*SUPPLIED MATERIAL*.
::::::::

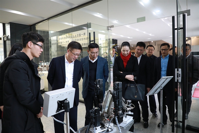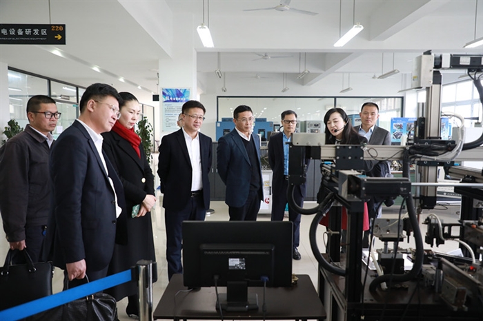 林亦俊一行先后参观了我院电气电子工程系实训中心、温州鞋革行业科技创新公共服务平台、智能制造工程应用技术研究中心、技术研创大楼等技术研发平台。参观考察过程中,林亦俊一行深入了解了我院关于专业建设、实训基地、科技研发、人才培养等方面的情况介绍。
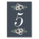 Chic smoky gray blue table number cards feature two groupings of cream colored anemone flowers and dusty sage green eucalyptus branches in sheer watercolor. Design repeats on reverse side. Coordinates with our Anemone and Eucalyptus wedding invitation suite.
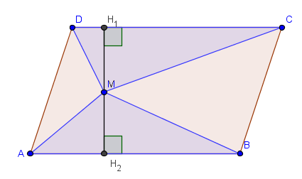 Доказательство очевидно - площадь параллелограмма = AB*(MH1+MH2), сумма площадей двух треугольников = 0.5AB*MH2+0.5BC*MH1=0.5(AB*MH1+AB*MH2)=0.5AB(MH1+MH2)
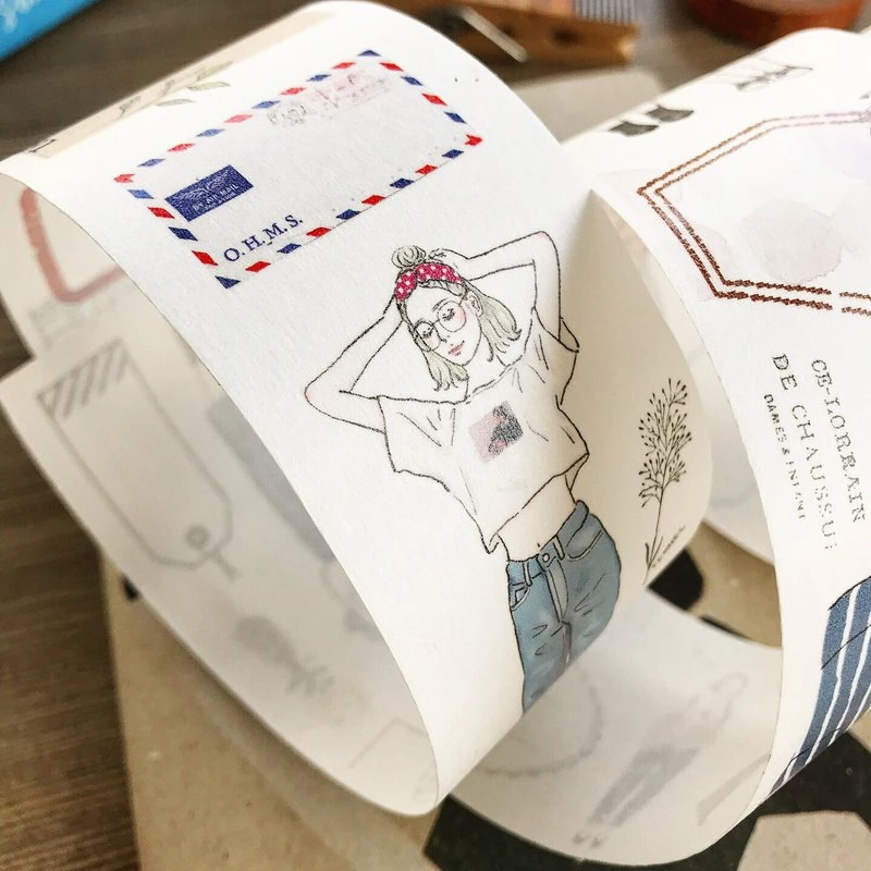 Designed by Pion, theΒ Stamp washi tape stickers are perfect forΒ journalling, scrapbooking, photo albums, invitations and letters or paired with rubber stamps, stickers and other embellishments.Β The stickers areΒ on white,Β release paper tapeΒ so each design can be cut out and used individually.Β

::::::::

*ACTIVITY*. Nothing should appear in the answer except the lines from the first line of the data through the line holding "Доказательство очевидно - площадь", exactly as written, with pictures left out.

*ANSWER BOX*.
 林亦俊一行先后参观了我院电气电子工程系实训中心、温州鞋革行业科技创新公共服务平台、智能制造工程应用技术研究中心、技术研创大楼等技术研发平台。参观考察过程中,林亦俊一行深入了解了我院关于专业建设、实训基地、科技研发、人才培养等方面的情况介绍。
 Chic smoky gray blue table number cards feature two groupings of cream colored anemone flowers and dusty sage green eucalyptus branches in sheer watercolor. Design repeats on reverse side. Coordinates with our Anemone and Eucalyptus wedding invitation suite.
 Доказательство очевидно - площадь параллелограмма = AB*(MH1+MH2), сумма площадей двух треугольников = 0.5AB*MH2+0.5BC*MH1=0.5(AB*MH1+AB*MH2)=0.5AB(MH1+MH2)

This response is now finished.